* _Exercise goal_: Would you please reproduce all the entries word for word, minus the pictures?

-------- The data --------

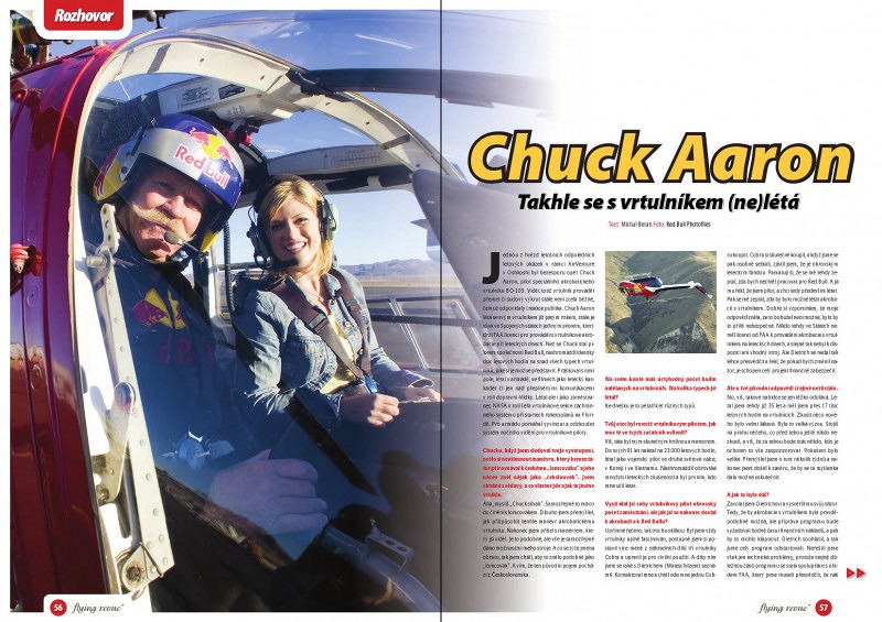 Jednou z hvězd letošních odpoledních letových ukázek v rámci AirVenture v Oshkoshi byl bezesporu opět Chuck Aaron, pilot speciálního akrobatického vrtulníku BO-105. Vidět totiž vrtulník provádět přemet či sudový výkrut stále není zcela běžné, čemuž odpovídaly i reakce publika. Chuck Aaron létá se svým vrtulníkem již pátým rokem, stále je však ve Spojených státech jediným pilotem, který drží FAA licenci pro provádění vrtulníkové akrobacie při leteckých dnech. Než se Chuck stal pilotem společnosti Red Bull, nashromáždil desítky tisíce letových hodin na snad všech typech vrtulníků, jaké si je možné představit. Práškoval s nimi pole, létal v armádě, ve filmech jako letecký kaskadér či jen nad přeplněnými komunikacemi v roli dopravní hlídky. Létal ale i jako zaměstnanec NASA v roli šéfa vrtulníkové sekce záchranného systému při startech raketoplánů na Floridě. Pro armádu pomáhal vyvinout a odzkoušet systém nočního vidění vrtulníkové piloty.
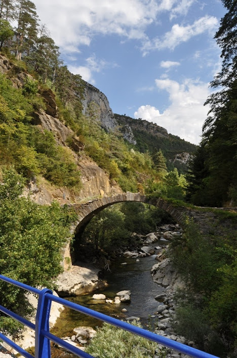 Breve vista sobre a Ponte Napoleão III, lá voltaríamos com mais tempo e boneco pitoresco, dos vários que fomos encontrando à beira da estrada, pelos diversos percursos percorridos, deram início a mais uma passeata pelo Parque Nacional dos Altos-Pirinéus.
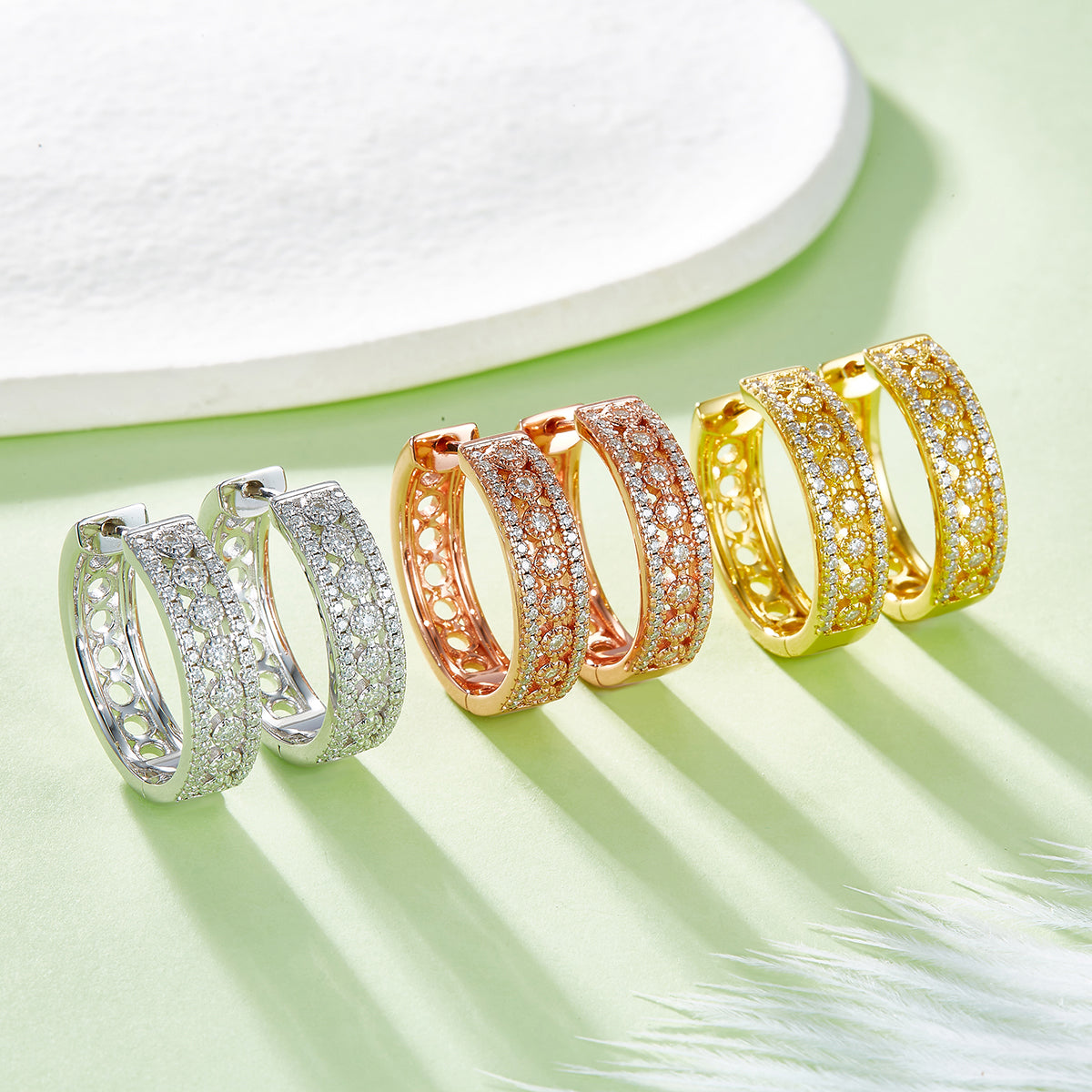 • Design: Three-row hoop silhouette for multi-faceted sparkle
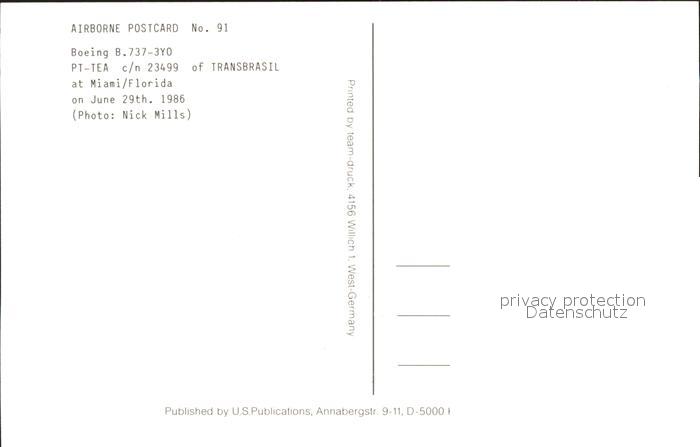 Flugzeuge Zivil Trans Brasil Boeing B737-3Y0 PT-TEA c/n 23499 postalisch nicht gelaufen Erhaltung siehe scans
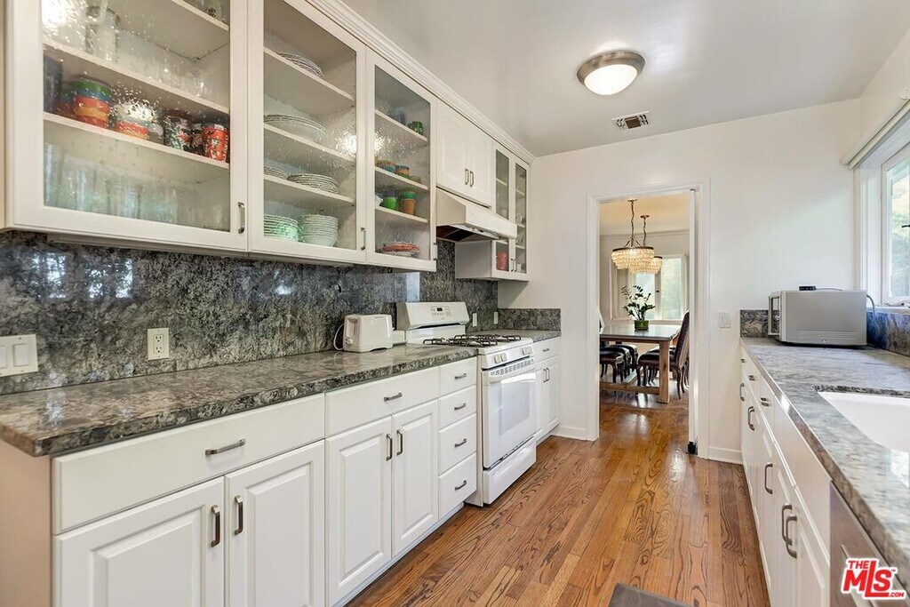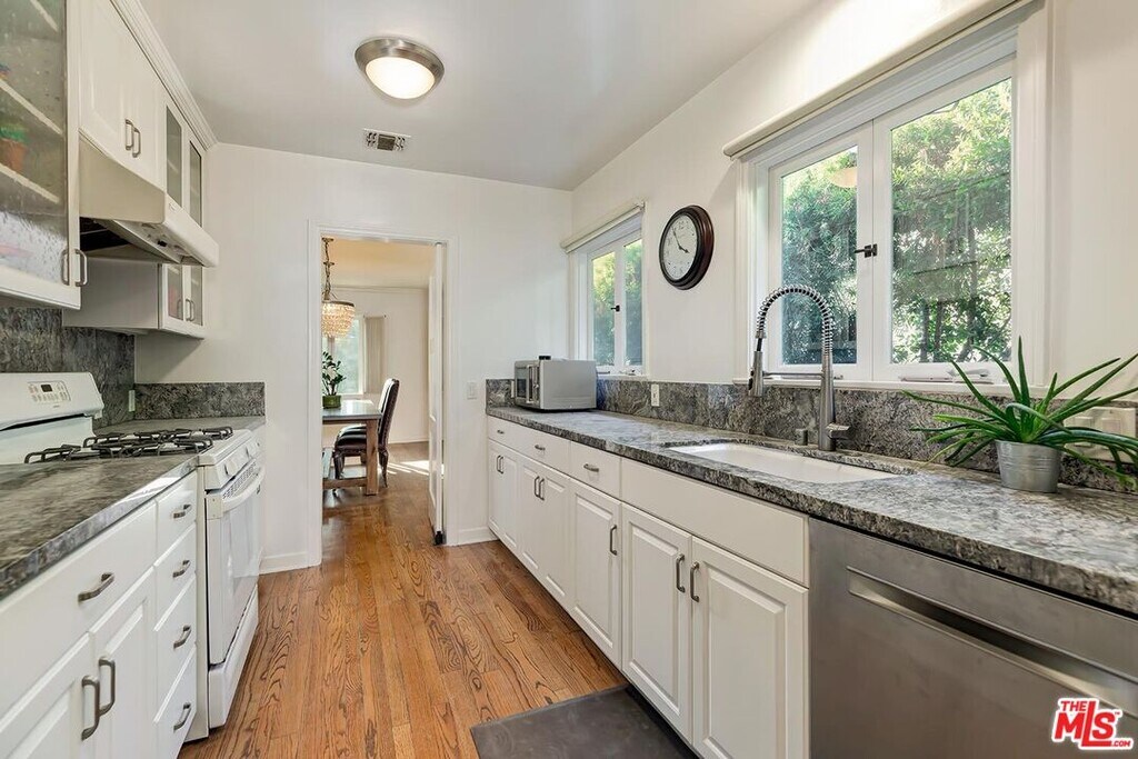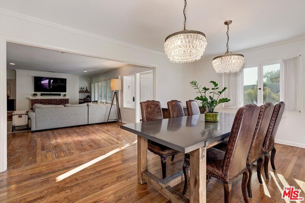 Charming Traditional with great flow in the extremely desirable Westwood Hills neighborhood! Open Living room has a fireplace & large windows looking out to treetops to provide tranquility & great natural light. Spacious formal Dining room, also with treetop views, flows from the living room & leads to an updated kitchen with granite countertops & great storage, including a large walk-in pantry. The great flow continues with a Family room off the living room with built-ins, ideal for a playroom & entertaining, as it has French Doors opening to the gorgeous, private grassy backyard, also making it ideal for California living. There are 3 bedrooms including a gracious primary en-suite with fireplace, walk-in closet, sitting area & French Doors opening to the patio & backyard. The Primary en-suite full bath is updated with double sinks & separate tub & shower. Terraced gardens, large grassy area & patio make the outdoors a fantastic entertaining haven. This cheerful home is filled with character, natural light, beautiful hardwood floors throughout, newer central AC, newer roof, solar, curb appeal & 2-car garage with storage. Desirable Warner Avenue School District. MLS ID 26764637

--------

* _Exercise solution_:
 Jednou z hvězd letošních odpoledních letových ukázek v rámci AirVenture v Oshkoshi byl bezesporu opět Chuck Aaron, pilot speciálního akrobatického vrtulníku BO-105. Vidět totiž vrtulník provádět přemet či sudový výkrut stále není zcela běžné, čemuž odpovídaly i reakce publika. Chuck Aaron létá se svým vrtulníkem již pátým rokem, stále je však ve Spojených státech jediným pilotem, který drží FAA licenci pro provádění vrtulníkové akrobacie při leteckých dnech. Než se Chuck stal pilotem společnosti Red Bull, nashromáždil desítky tisíce letových hodin na snad všech typech vrtulníků, jaké si je možné představit. Práškoval s nimi pole, létal v armádě, ve filmech jako letecký kaskadér či jen nad přeplněnými komunikacemi v roli dopravní hlídky. Létal ale i jako zaměstnanec NASA v roli šéfa vrtulníkové sekce záchranného systému při startech raketoplánů na Floridě. Pro armádu pomáhal vyvinout a odzkoušet systém nočního vidění vrtulníkové piloty.
 Breve vista sobre a Ponte Napoleão III, lá voltaríamos com mais tempo e boneco pitoresco, dos vários que fomos encontrando à beira da estrada, pelos diversos percursos percorridos, deram início a mais uma passeata pelo Parque Nacional dos Altos-Pirinéus.
 • Design: Three-row hoop silhouette for multi-faceted sparkle
 Flugzeuge Zivil Trans Brasil Boeing B737-3Y0 PT-TEA c/n 23499 postalisch nicht gelaufen Erhaltung siehe scans
 Charming Traditional with great flow in the extremely desirable Westwood Hills neighborhood! Open Living room has a fireplace & large windows looking out to treetops to provide tranquility & great natural light. Spacious formal Dining room, also with treetop views, flows from the living room & leads to an updated kitchen with granite countertops & great storage, including a large walk-in pantry. The great flow continues with a Family room off the living room with built-ins, ideal for a playroom & entertaining, as it has French Doors opening to the gorgeous, private grassy backyard, also making it ideal for California living. There are 3 bedrooms including a gracious primary en-suite with fireplace, walk-in closet, sitting area & French Doors opening to the patio & backyard. The Primary en-suite full bath is updated with double sinks & separate tub & shower. Terraced gardens, large grassy area & patio make the outdoors a fantastic entertaining haven. This cheerful home is filled with character, natural light, beautiful hardwood floors throughout, newer central AC, newer roof, solar, curb appeal & 2-car garage with storage. Desirable Warner Avenue School District. MLS ID 26764637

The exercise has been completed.